In order to make an update that shuffles all the values from column4 in a random fashion, we need some intermediate steps.

First, for the dataset1, we need to create a list (relation) of tuples (id, rn), that are just:

(id_1,   1),
(id_2,   2),
(id_3,   3),
...
(id_20, 20)

Where id_1, ..., id_20 are the ids present on dataset1. They can be of any type, they need not be consecutive, and they can be composite.

For the dataset2, we need to create another list of (column_1,rn), that looks like:

(column1_1,  17),
(column1_2,   3),
(column1_3,  11),
...
(column1_20, 15)

In this case, the second column contains all the values 1 .. 20, but shuffled.

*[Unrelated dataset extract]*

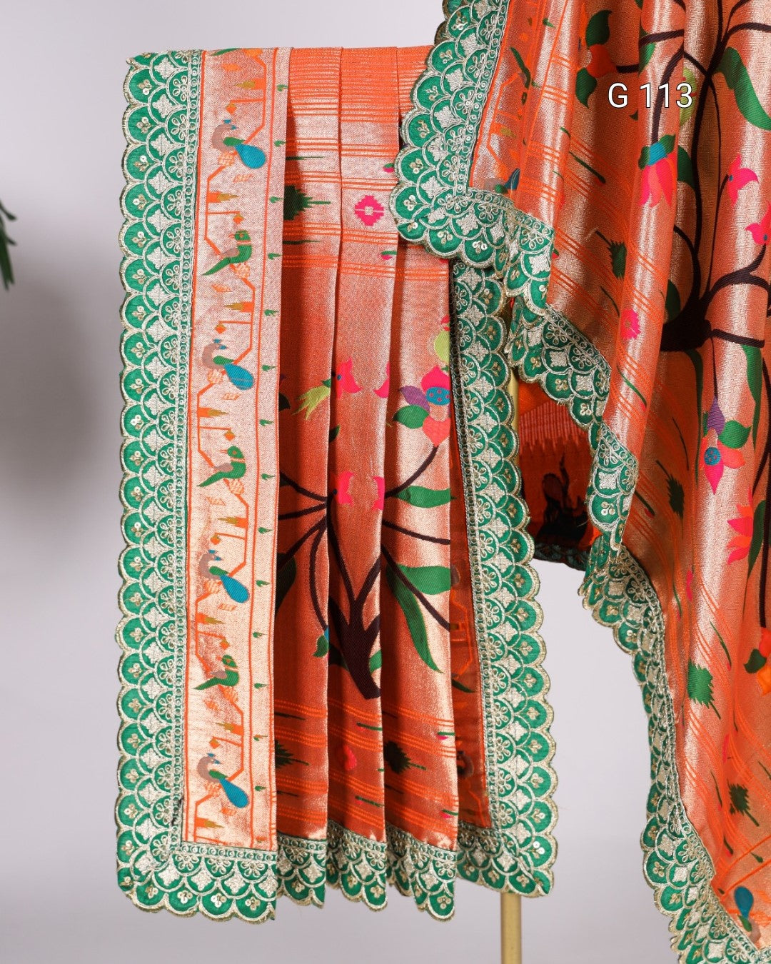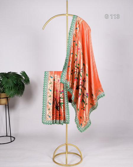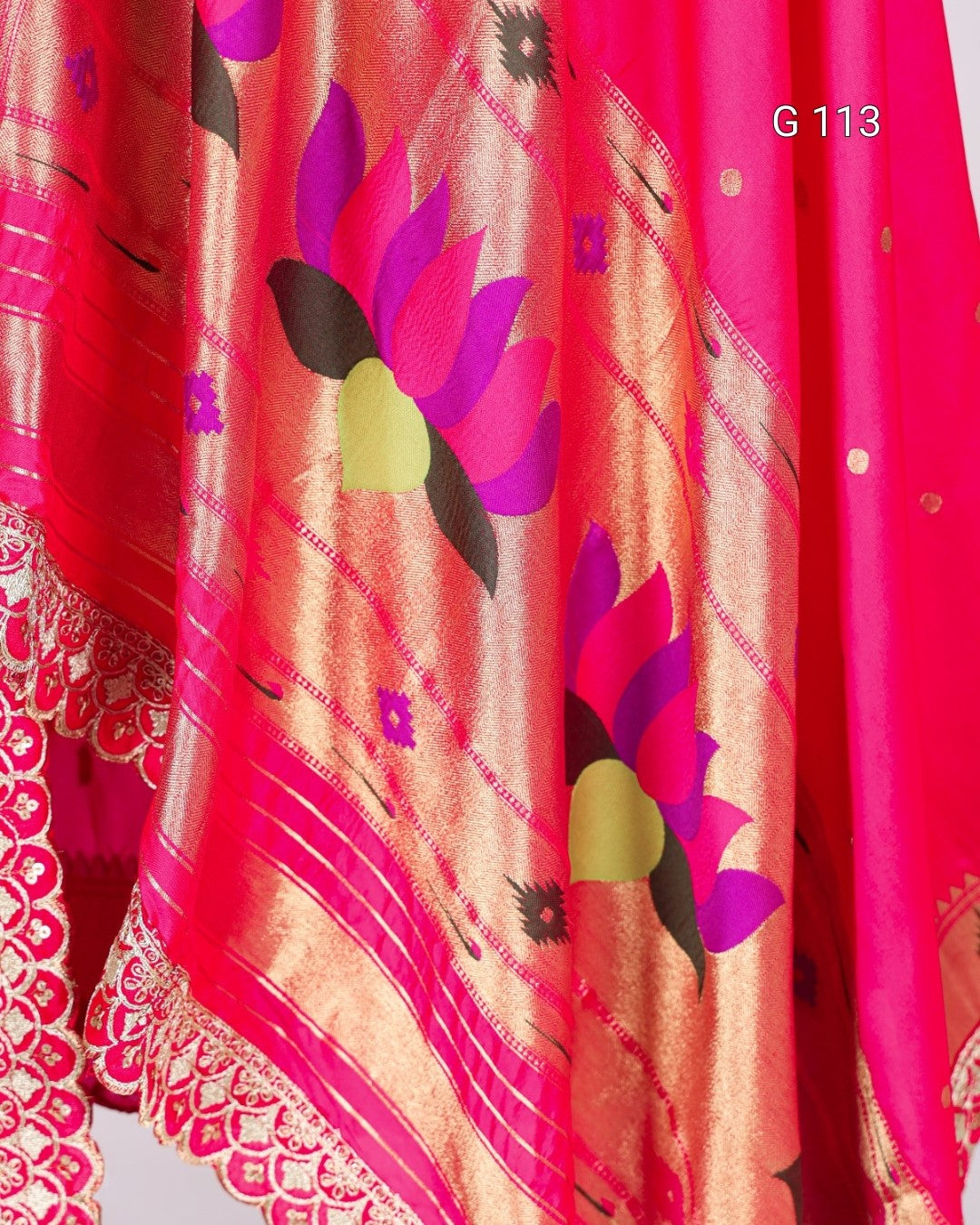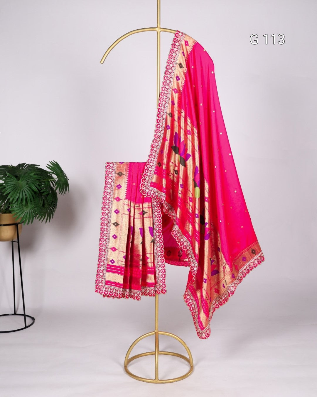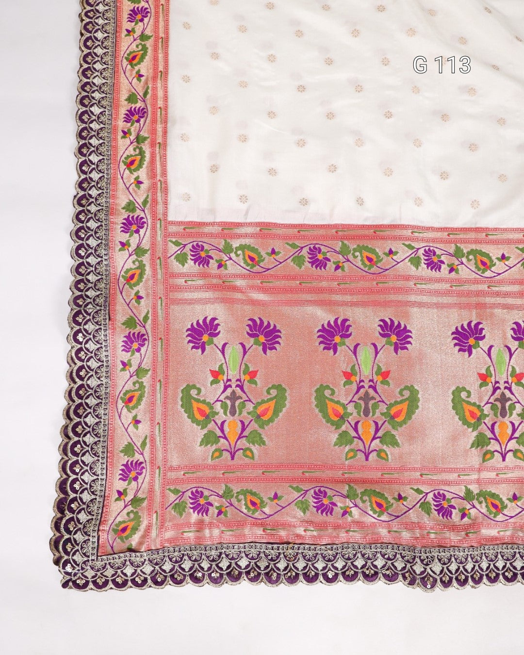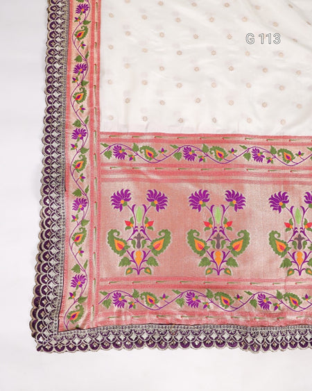 Jacquard Silk Dupatta with Zari Weaving & Embroidery Lace Border – G 113

Once we have the two relations, we JOIN them ON ... rn. This, in practice, produces yet another list of tuples with (id, column1), where the pairing has been done randomly. We use these pairs to update dataset1.

THE REAL QUERY

This can all be done (clearly, I hope) by using some CTE (WITH statement) to hold the intermediate relations:

WITH original_keys AS
(
    -- This creates tuples (id, rn), 
    -- where rn increases from 1 to number or rows
    SELECT 
        id, 
        row_number() OVER  () AS rn
    FROM 
        dataset1
)
, shuffled_data AS
(
    -- This creates tuples (column1, rn)
    -- where rn moves between 1 and number of rows, but is randomly shuffled
    SELECT 
        column1,
        -- The next statement is what *shuffles* all the data
        row_number() OVER  (ORDER BY random()) AS rn
    FROM 
        dataset2
)
-- You update your dataset1
-- with the shuffled data, linking back to the original keys
UPDATE
    dataset1
SET
    column4 = shuffled_data.column1
FROM
    shuffled_data
    JOIN original_keys ON original_keys.rn = shuffled_data.rn
WHERE
    dataset1.id = original_keys.id ;

Note that the trick is performed by means of:

row_number() OVER (ORDER BY random()) AS rn

The row_number() window function that produces as many consecutive numbers as there are rows, starting from 1. These numbers are randomly shuffled because the OVER clause takes all the data and sorts it randomly.

CHECKS

We can check again:

SELECT count(DISTINCT column4) FROM dataset1 ;
| count |
| ----: |
|    20 |
SELECT * FROM dataset1 ;
 id | column4       
--: | :-------------
101 | SOMETHING 1016
102 | SOMETHING 1009
103 | SOMETHING 1003
...
118 | SOMETHING 1012
119 | SOMETHING 1017
120 | SOMETHING 1011

ALTERNATIVE

Note that this can also be done with subqueries, by simple substitution, instead of CTEs. That might improve performance in some occasions:

UPDATE
    dataset1
SET
    column4 = shuffled_data.column1
FROM
    (SELECT 
        column1,
        row_number() OVER  (ORDER BY random()) AS rn
    FROM 
        dataset2
    ) AS shuffled_data
    JOIN 
    (SELECT 
        id, 
        row_number() OVER  () AS rn
    FROM 
        dataset1
    ) AS original_keys ON original_keys.rn = shuffled_data.rn
WHERE
    dataset1.id = original_keys.id ;

And again...

SELECT * FROM dataset1;
 id | column4       
--: | :-------------
101 | SOMETHING 1011
102 | SOMETHING 1018
103 | SOMETHING 1007
...
118 | SOMETHING 1020
119 | SOMETHING 1002
120 | SOMETHING 1016

You can check the whole setup and experiment at dbfiddle here

NOTE: if you do this with very large datasets, don't expect it to be extremely fast. Shuffling a very big deck of cards is expensive.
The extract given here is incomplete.